Ticks are implicated in the transmission of different pathogens such as viruses, bacteria, protozoa and filarial nematodes in animals and humans (Dantas-Torres 2008). Therefore information about how the regional distribution and abundance of species ticks is necessary.

In this study, the overall prevalence of ticks was recorded 43, 23.5, and 49.6 % in cattle, sheep, and goats respectively. The findings of this study showed the occurrence of three genus and five species of hard ticks in Ilam County. According to this survey, an infestation to hard ticks in goats was higher than other ruminants.

The results of this study showed that Hy. anatolicum anatolicum was the dominant tick on cattle while Rh. bursa was the dominant tick on sheep and Rh. sanguineus was the dominant tick on goats. Also Rh.bursa exhibited the lowest frequency in cattle and Ha. inermis exhibited the lowest frequency in sheep and goats.

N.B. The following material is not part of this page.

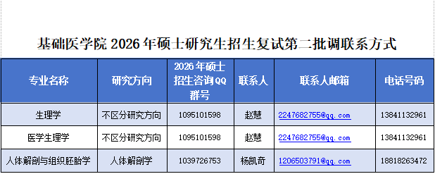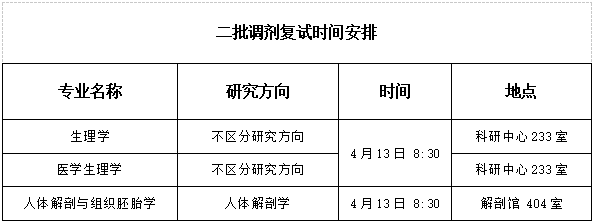 按照《教育部关于印发〈2026年全国硕士研究生招生工作管理规定〉的通知》(教学〔2025〕2号)、《大连医科大学2026年硕士研究生招生复试录取工作办法》《大连医科大学2026年硕士研究生招生考试第二批调剂工作公告》,结合我院第一批调剂考生拟录取情况,开展我院2026年硕士研究生招生第二批调剂工作。现将调剂工作相关事宜公告如下。

In parallel to our study Hy. anatolicum anatolicum was recorded over widely scattered throughout Iran. It is a vector of the causative organism of tropical theileriosis and it transmits a variety of pathogenic organism such as Theileria lestoquardi, Th. equi, B.cabali, Trypanosoma theileri and Crimean-Congo haemorrhagic fever virus (Nabian et al. 2007).

In the study was carried out by Nasiri et al. (2010), on sheep in Abdanan County, southeast of Ilam Province, two genera and five species were collected including: Hy. marginatum (44.67 %), Hy. anatolicum (43.17 %), Hy.asiaticum (6.37 %), Hy. dromedarii (5.55 %), Ha. sulcata (0.24 %). These results similar to our findings but in this survey genus Rhipicephalus have not been observed. Ilam County is situated in the cold mountainous region of Iran, The mean elevation of this county is about 1,319 m above sea level and the average annual rainfall is 700 mm. Whereas Abdanan township is located in the Southeast of Ilam County and has a tropical climate, The mean elevation of this city is about 119 m above sea level and the average annual rainfall is 250 mm. Ticks presence and their abundance can be affected by these natural conditions.

Rhipicephalus bursa and Rh. Sanguineus were reported in different part of Iran (Nabian et al.2007; Telmadarraiy et al. 2004; Moshaverinia et al. 2012; Rahbari et al. 2007; Nabian and Rahbari. 2008; Yakhchali et al. 2011).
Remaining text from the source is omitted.